| > Evidence: How many, many animals live and thrive is deeply immoral by human standards. The fact that non-human animals live an existence of violent survival does not seem to be prima facie evidence for the nonexistence or incoherence of human morality. Human beings are rational animals. The term rational here is being used in a specific and technical sense. Non-human animals are subject to the laws of nature in a manner that acts more directly on their passions. Human beings are also subject to the laws of nature, but the forces of nature are mediated by our rationality. Animal Act: (1) Offspring are hungry (2) brings food to offspring Human Act: (1) Offspring are hungry (2) Reflects and Decides to provide food (3) brings food to offspring An act is deemed immoral if it is a misuse of the rational faculty for ends that are not in conformity with the laws of nature.

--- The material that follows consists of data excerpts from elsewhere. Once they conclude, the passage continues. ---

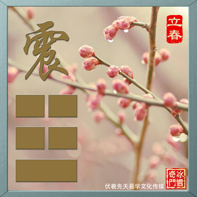 【震卦】:下面是阳爻,中间和上面是阴爻。
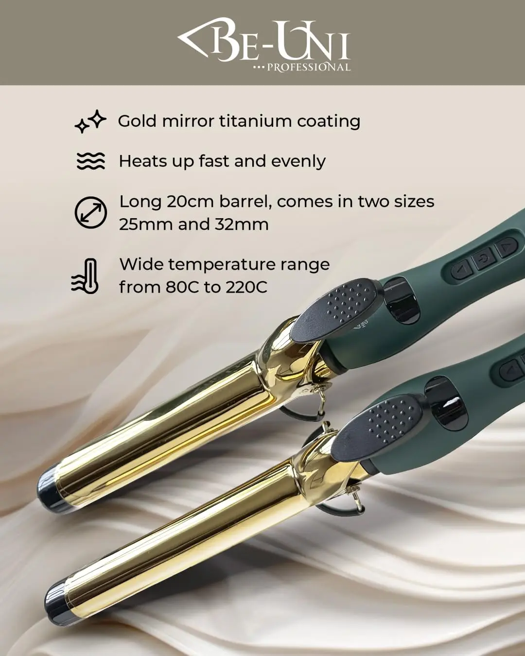 The Gold Titanium Curler 25mm delivers professional curls with its titanium coating, adjustable heat, and included accessories. Perfect for achieving salon-quality styles at home or on the go!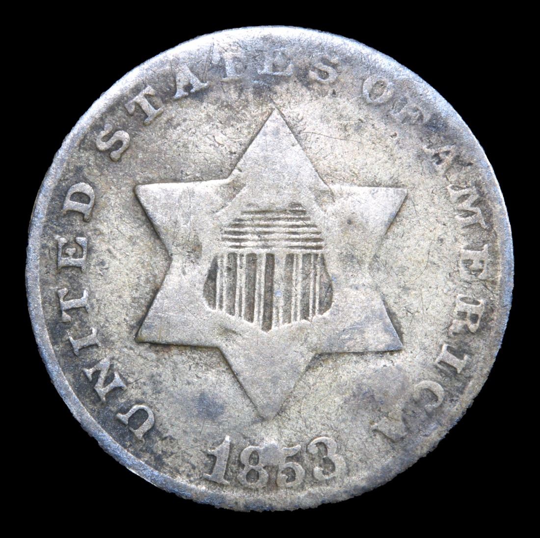 1853 Three Cent Silver 3cs Grades vf++.

Human Act (immoral): (1) Offspring are hungry (2) Reflects and Decides not to provide food for selfish reasons (3) offspring go hungry Animals suffer but they are not moral agents like human beings since there is no mediating rationality that can be misused for ends that are not in conformity with nature's laws. The phrase Nature's Laws is being used broadly to include physical, biological or evolved social laws intertwined with the essential characteristics of the species. |
You missed the point. Morality is a human invention, much like computers are (albeit philosophical, not physical in nature).
Like computers, it didn't exist before consciousness evolved.
Talking about morality as a universal truth, and there being some invisible scales of justice which will eventually even out is thusly irrational.